The Julian calendar is used since 46 BC by order of Julius Caesar. In this calendar, a normal year had 365 days, every four years was a leap year with 366 days and February 29th as the leap day. This calendar was based on a year length of 365 1/4 days. The actual year length is 365.2421875 days, so the Julian calendar was about 11 minutes and 14 seconds too long. As a result, it was replaced in 1582 by the Gregorian calendar that is in use today. In this calendar, too, every four years is a leap year, but not every 100 years, but then every 400 years. See the list of leap years. The Julian calendar started from the year 525 on counting with the presumed year of Christ's birth, and this was retained by the Gregorian calendar.

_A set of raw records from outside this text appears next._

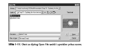Meni File sadrži standardne komande za rukovanje datotekama scena: New (Ctrl+N), Open (Ctrl+O), Save (Ctrl+S) i Save As. Svi okviri za dijalog koji rade sa Maxovim scenama sadrže i uprošæen prikaz aktivnog prozora (slika 1-11). On spreèava da otvorite pogrešnu scenu. Ako pri otvaranju scene Max ne može da prona?e njene resurse (npr. mape), pojavljuje se okvir za dijalog u kome možete da ga ruèno dovedete do pravog mesta, a tako?e možete i da te resurse ne uèitate.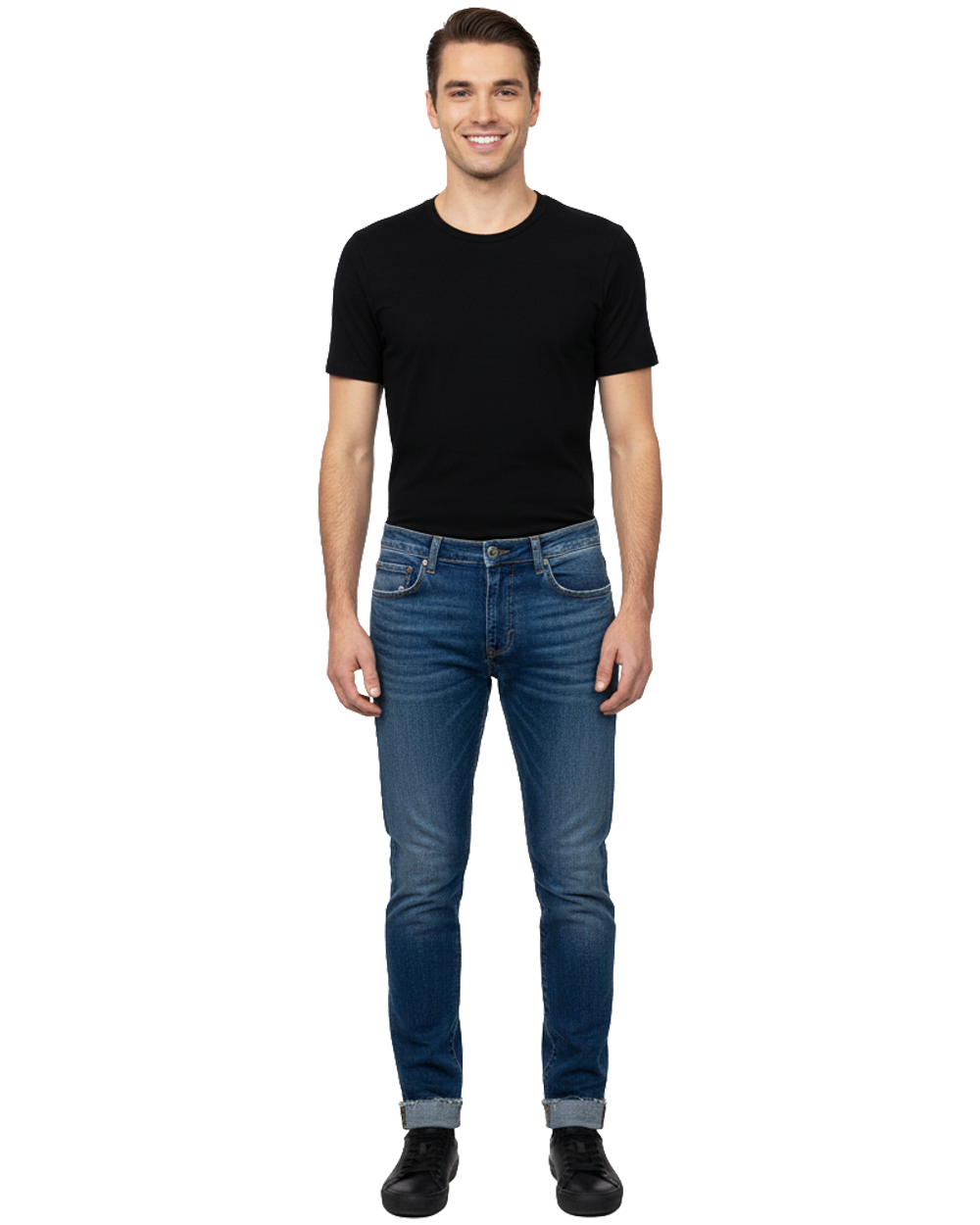 - Mid-blue denim tone with natural fading for an authentic worn effect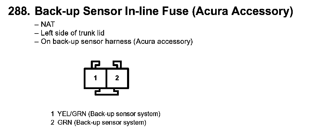 288. Back-up Sensor In-line Fuse (Acura Accessory):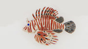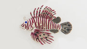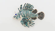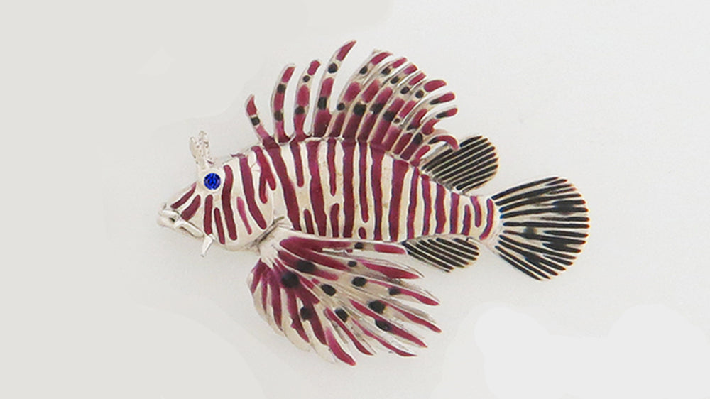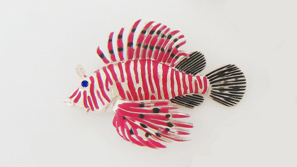 A stunning and meticulously crafted sterling silver Lionfish pendant holding a .02ct. blue sapphire eye. It's brilliantly striped fins are brought to life with colored ceramic. There is a hidden bail on the back for the chain to go through.

The Jewish calendar is a lunisolar calendar, so it takes the moon and the sun into account. The months are based on the new moon, and a year has 12 months. Since 29.53 days pass between two new moons, a year is about 11 days too short, so a leap month is added about every three years. The Jewish calendar was established in 359, and the counting begins in 3761 BC, the date of the creation of the world assumed at this time.
The Thai solar calendar is based on the Gregorian calendar, but uses the Buddhist calendar, which begins 543 years BC with the death and entry into nirvana of Buddha Siddhartha Gautama.
The Shire calendar is probably the most popular calendar in a fantasy world and comes from the book The Lord of the Rings by J.R.R. Tolkien. It assumes the same length of the year as in reality and is therefore transferable to our years.